Gordon gets rematch against old foe

(Eds: Note language in fourth par)

By Matt Encarnacion

SYDNEY, Sept 14 AAP – Three years ago they were fighting for the same jumper, but now there’s a whole lot more at stake.

Cronulla fullback Michael Gordon will meet North Queensland counterpart and long-time friend Lachlan Coote in Saturday’s NRL semi-final in Townsville, with the winner to advance to the first preliminary final of their careers.

The former Penrith duo spent the summer of 2012 going toe-to-toe for the No.1 spot at the foot of the mountains, a battle that was reported to have almost led to the two coming to blows at training.

Not according to Gordon, though.

“That was complete bullshit,” he told AAP.

“But me and Cootey were the worst two fighters in the club.

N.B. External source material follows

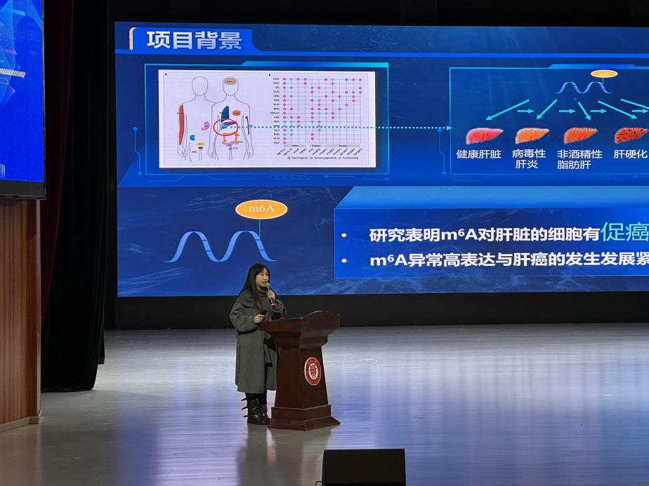 化学与化工学院《“光启膜法师”——国际首创3D多孔光催化降解薄膜》、药学院《别出新“裁”——基于m6A RNA甲基化肝癌早筛的健康中国领跑者》、矿业学院《煤矸石造土造地生态修复与林草碳汇协同技术研究》、酿酒与食品工程学院《独具菌“芯”——基于生物合成智造赋能粮食基发酵食品技术升级》四支团队带来了精彩的路演,为现场观众展现了一场酣畅淋漓的科技盛宴。矿业学院研究生张华瑞同学从敢揭榜、勇挂帅、破难关三个方面,给在座新生分享了参赛心得。

It would’ve been terrible.

“Some of the stories I used to hear were hilarious, because they couldn’t be any further from the truth.”

Three years on and both have since found greener pastures.

Gordon shifted to the Shire at the end of 2013, going on to make the finals in his first year at the Sharks, where they were eventually knocked out by Manly in a thrilling semi-final.

“We were in pretty much the exact same position as this year, playing at Allianz in the first week,” he recalled.

“And if it had gone on an extra five minutes against Manly, we probably would’ve won.”

Coote, meanwhile, failed to play a game in his first season with the Cowboys after tearing his ACL in the 2014 Auckland Nines.

Gordon, 31, said he had stayed in touch with his former teammate for most of his recovery.

“I’ve been there twice and it’s not a nice feeling. It’s something hard to come back from,” he said.

“And then he would’ve watched Michael Morgan kill it last year at fullback and probably think, `Where am I going to play now?’

“But I know Cootey would’ve worked hard, and he would’ve stuck at it. It’s just gone to show, hard work pays off and he’s been playing fantastic all year. I’m really happy for him.”

Now the pair square off for the right to play in the NRL decider, a final neither player has yet to achieve over their combined 18 seasons in the game.

“You appreciate it when you do get a chance because you look at blokes that have played over 300 games and never won a grand final,” Gordon said.

“Once you get a chance, you’ve got to make the most of it.”